How about this: $$I(x)=\frac{1}{2\pi}\int_{-\pi/2}^{\pi/2}e^{x\cos^2\theta}d\theta=\frac{1}{2\pi}\int_{-\pi/2}^{\pi/2}e^{x(1-\sin^2\theta)}d\theta$$ $$\theta=\pi/2-\phi$$ $$d\theta=-d\phi$$ $$I(x)=\frac{1}{2\pi}\int_0^\pi e^{x\sin^2\phi}d\phi$$

EDIT:

taking the other approach, I have: $$I'(x)=\frac{1}{2\pi}\int_{-\pi/2}^{\pi/2}\cos^2\theta e^{x\cos^2\theta}d\theta$$ then using $u=cos\theta$ you can obtain: $$I'(x)=\frac1\pi\int_0^1\frac{u^2}{\sqrt{1-u^2}}e^{xu^2}du$$ now using $v=\sqrt{1-u^2}$ we can get: $$I'(x)=\frac1\pi\int_0^1\sqrt{1-v^2}e^{x(1-v^2)}dv$$ which can be re-written as: $$I'(x)=\frac1\pi\int_0^1\sqrt{1-v^2}e^{-(\sqrt{x}v)^2}dv$$ if you continue and differentiate once again you get: $$I''(x)=\frac{1}{2\pi x^2}\int_0^x\beta e^\beta d\beta$$ so: $$I(x)=\frac1{2\pi}\iint\frac{(x-1)e^x+1}{x^2}dxdx$$

Answer 2

For large $x$, Laplace's method seems like the best option. Or its counterpart, the Watson's lemma.
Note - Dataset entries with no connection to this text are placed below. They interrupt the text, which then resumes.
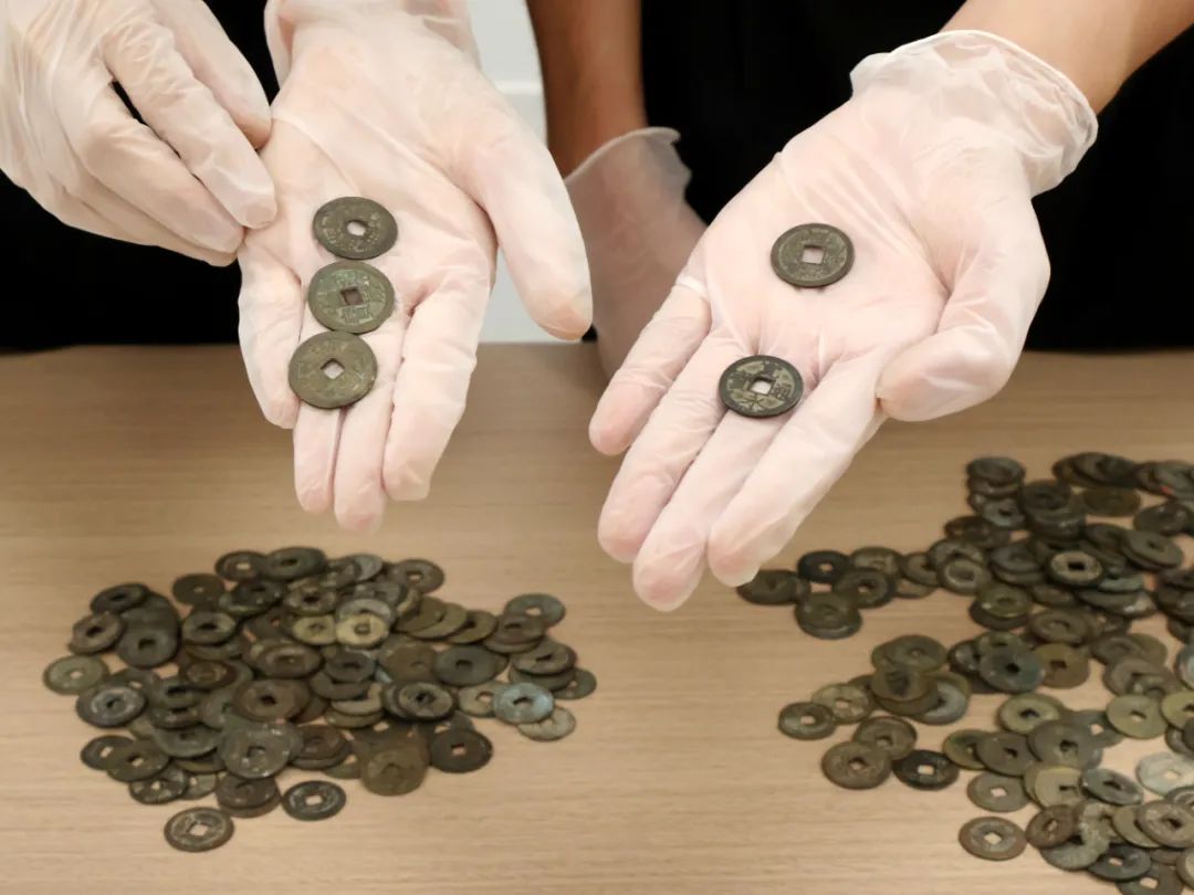 8月6日10时许,中山港海关关员在对出境航班旅客及其行李物品监管过程中,发现1名旅客托运行李机检图像异常。经开箱检查,发现箱内红色塑料袋中装有疑似文物钱币,共638枚。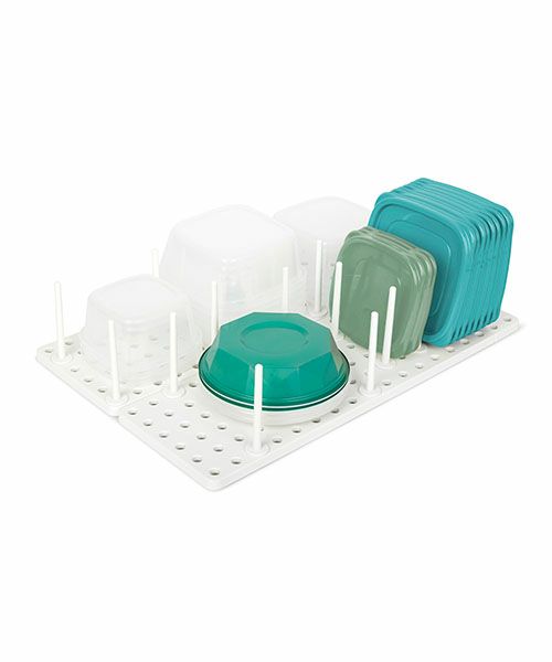 ペグ(仕切りの棒)が差さえの役割も果たして、食器や調理器具が倒れたり動いたりするのを防ぎます。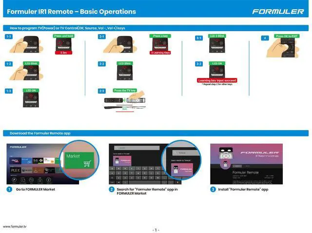 Use the Formuler Remote app (Available on your Formuler's/Dreamlink's Market app) to program your IR1 remote and control your digital TV.

Let's transform the integral first:

$$ I(x) = \frac{1}{2\pi}\int_{-\frac{\pi}{2}}^{\frac{\pi}{2}} e^{x \cos^2(\theta)}d\theta =\frac{1}{\pi}\int_0^{\frac{\pi}{2}} e^{x \cos^2(\theta)}d\theta=\frac{e^{x}}{\pi} \int_0^{\frac{\pi}{2}} e^{-x \sin^2(\theta)}d\theta= \\ =\frac{e^{x}}{\pi} \int_0^1 \frac{e^{-x s^2}}{\sqrt{1-s^2}} d s=\frac{e^{x}}{2\pi} \int_0^1 \frac{e^{-x t}}{\sqrt{t}\sqrt{1-t}} d t$$

Now for the latter integral, the main contribution for $x \to \infty$ will be given by $t \to0$. And the form of it allows us to use the Watson's lemma directly (see the Wikipedia link).

Using the notation from the article, we have:

$$\phi(t)=\frac{1}{\sqrt{t}\sqrt{1-t}}=t^{-1/2} g(t)$$

Where $g(t)$ can be expanded into Taylor series around $0$. Additionally, $\int_0^1 |\phi(t)| dt=\pi<\infty$. So the lemma conditions are satisfied.

Then we can represent:

$$\int_0^1 \frac{e^{-x t}}{\sqrt{t}\sqrt{1-t}} d t \asymp \sum_{n=0}^\infty \frac{\Gamma(n+1/2) g^{(n)}(0)}{n! ~x^{n+1/2}} $$